For these reasons, the blockchain community has put forward alternative approaches to decentralization, where the power of the central authority is distributed over a suitably chosen committee. There are vastly many different ways to implement this approach, with various pros and cons.
In a first approach, the power to choose all new blocks is delegated forever to a small (e.g., 10-, 100-, or 1000-strong) committee, ensuring the integrity of the blockchain as long as the majority of the committee members are honest.
Pros:
Cons:
In another approach, the fixed committee is replaced with a “rotating-committee”. In one example, there is a set of N committees, and, for each new block, one of these committees is randomly selected to choose the block. In another example, after the current committee has chosen a block, a few of its members are removed and a few new members are added.

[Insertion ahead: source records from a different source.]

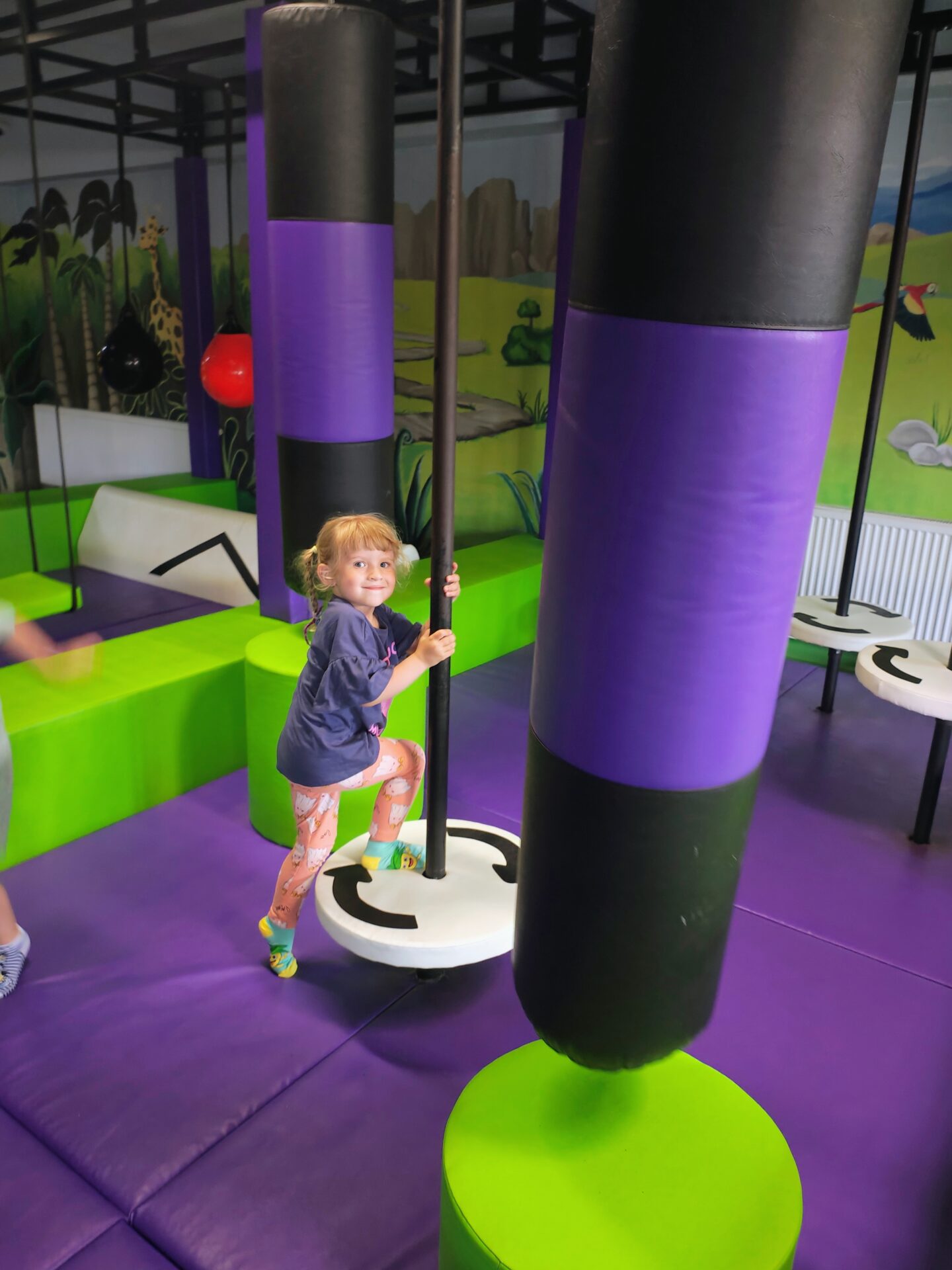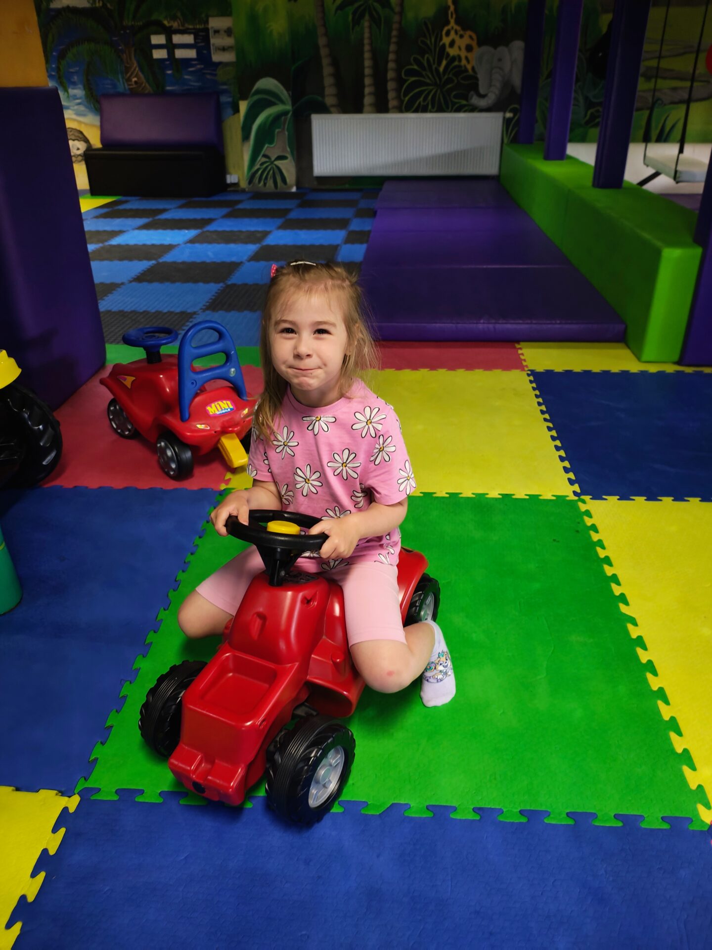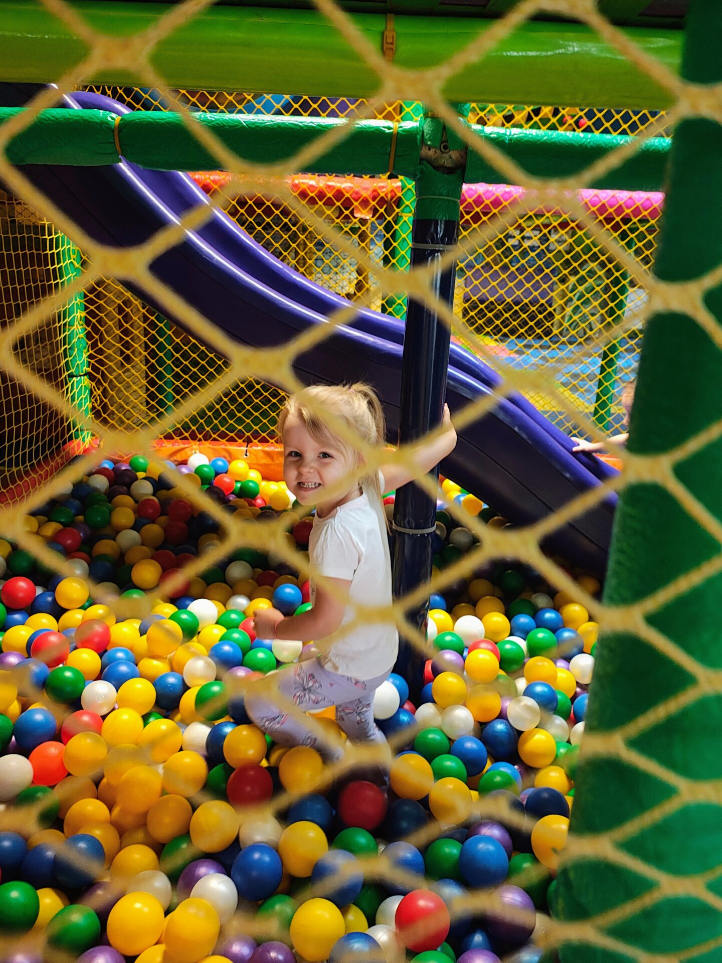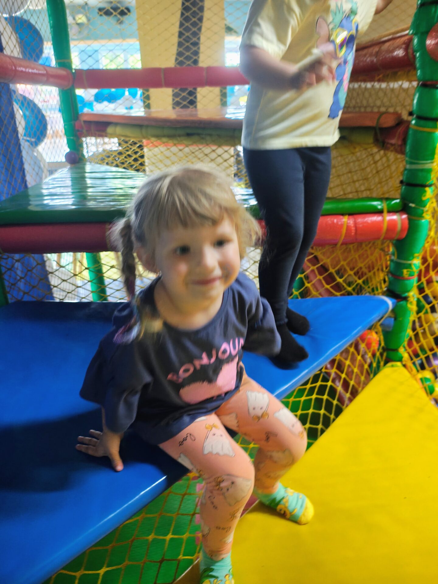 Naszym celem była sala zabaw Bajlandia w Elblągu – miejsce pełne kolorowych atrakcji i radosnej atmosfery. Na dzieci czekały m.in. labirynty z przeszkodami, baseny z kulkami, dmuchane zjeżdżalnie, trampoliny oraz klocki i zabawki konstrukcyjne. Przedszkolaki mogły wspinać się, zjeżdżać, skakać i budować, rozwijając przy tym swoją sprawność ruchową i wyobraźnię.
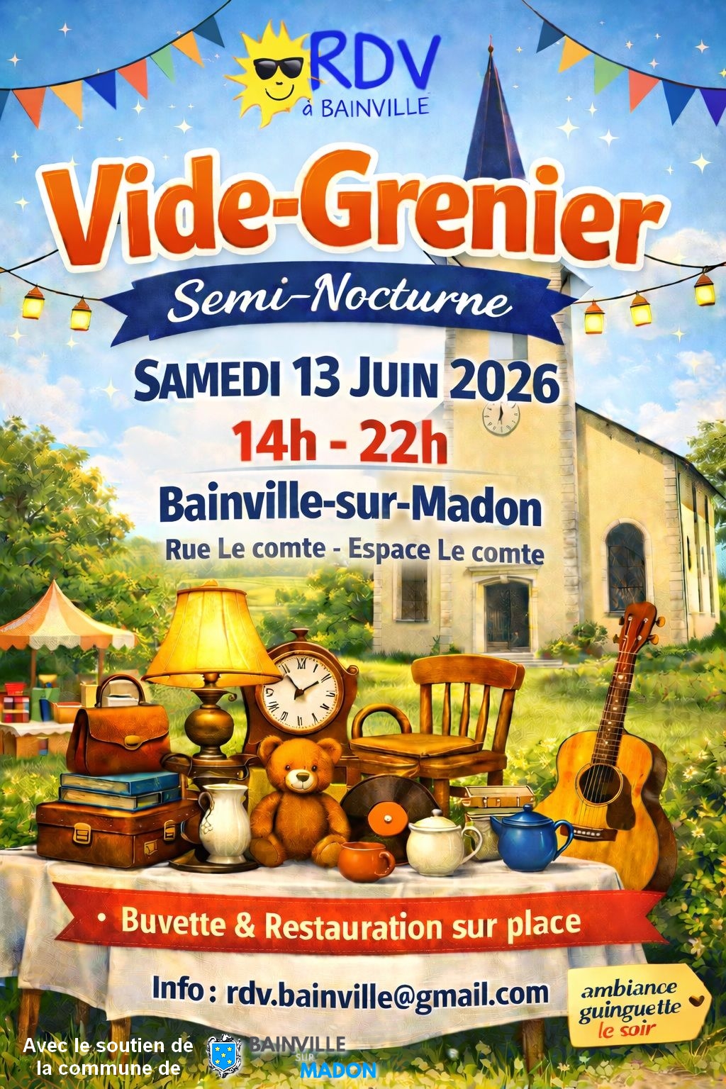 Vide-grenier de RDV à Bainville (13 juin 2026) Auteur/autrice de la publication :Mairie de Bainville Publication publiée :14 avril 2026 Post category:Animations / Vide-Grenier Commentaires de la publication :0 commentaire Vous devriez également aimer Les enfants de l’école de Bainville invités au spectacle de Chantal Goya ! 6 octobre 2021 Téléthon 2023 4 décembre 2023 Fort Pélissier : programme du week-end (7,8,9 août) 7 août 2020 Laisser un commentaire Annuler la réponseCommentEnter your name or username to comment Enter your email address to comment Saisir l’URL de votre site (facultatif) Δ
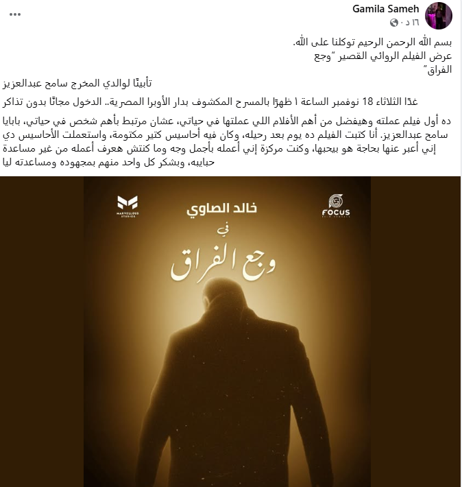 ونشرت جميلة ابنة سامح عبد العزيز صورة بوستر الفيلم، عبر حسابها الشخصي بموقع فيسبوك، وعلقت عليه: بسم الله الرحمن الرحيم توكلنا على الله.. عرض الفيلم الروائي القصير وجع الفراق، تأبينًا لوالدي المخرج سامح عبد العزيز، غدًا الثلاثاء 18 نوفمبر الساعة 1 ظهرًا بالمسرح المكشوف بدار الأوبرا المصرية.. الدخول مجانًا بدون تذاكر.
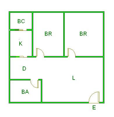 ▲ E(入口)=entrance BR (洋室)=Bedroom BA (浴室)=Bathroom
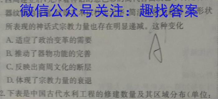 1.西周建立后,充斥着神话幻想色彩的商代兽面纹已不再是青铜器纹饰的主题,纹饰艺术以朴实无华、简洁明快为趋势,其形状所表现的神话式宗教力量也存在明显递减。这种变化A.适应了政治变革的需要B.推动了器物功能的完善C.反映出商周文化的断层D.体现了宗教力量的衰退
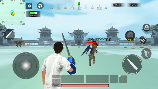 场景借助仙宫的宫殿、石柱等地形作为掩护,通过伏击对手或躲避攻击的玩法,结合传送门来提升生存与攻击能力。
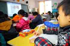 随县唐县镇小学为培训学生的美术素养,利用电子白板视频教学,教授学生简笔画和折纸。图为学生在教室通过视频学习简笔画。(随州日报)
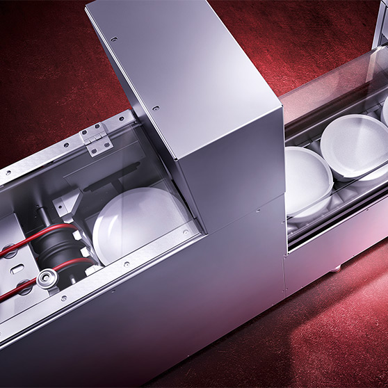Zařízení pro automatické odebírání talířů ze stohu se připojuje k výstupní straně pásové myčky nádobí. Talíře jsou automaticky přepravovány z oddělené dráhy pro talíře v pásové myčce nádobí do následného zařízení pro odebírání talířů ze stohu.

Of course, this approach requires a secure way to ensure that a “proper committee” is chosen for each new block.
Pros:
Cons:
In a truly decentralized blockchain, each new block is generated by a separate, new committee, randomly chosen from the set of all users. In principle, securely choosing a committee from all users may require a very large amount of computation and/or communication. A unique innovation introduced by Algorand to solve this problem is secret self-selection. At a high level, each user plays her own fair cryptographic lottery, at the end of which she is the only one to know whether she is a member of the committee. In the latter case, she also has a winning ticket, a digital and unforgeable proof that she is indeed the member of the committee. Anyone can immediately verify a user’s winning ticket to confirm that she is indeed a member of the committee.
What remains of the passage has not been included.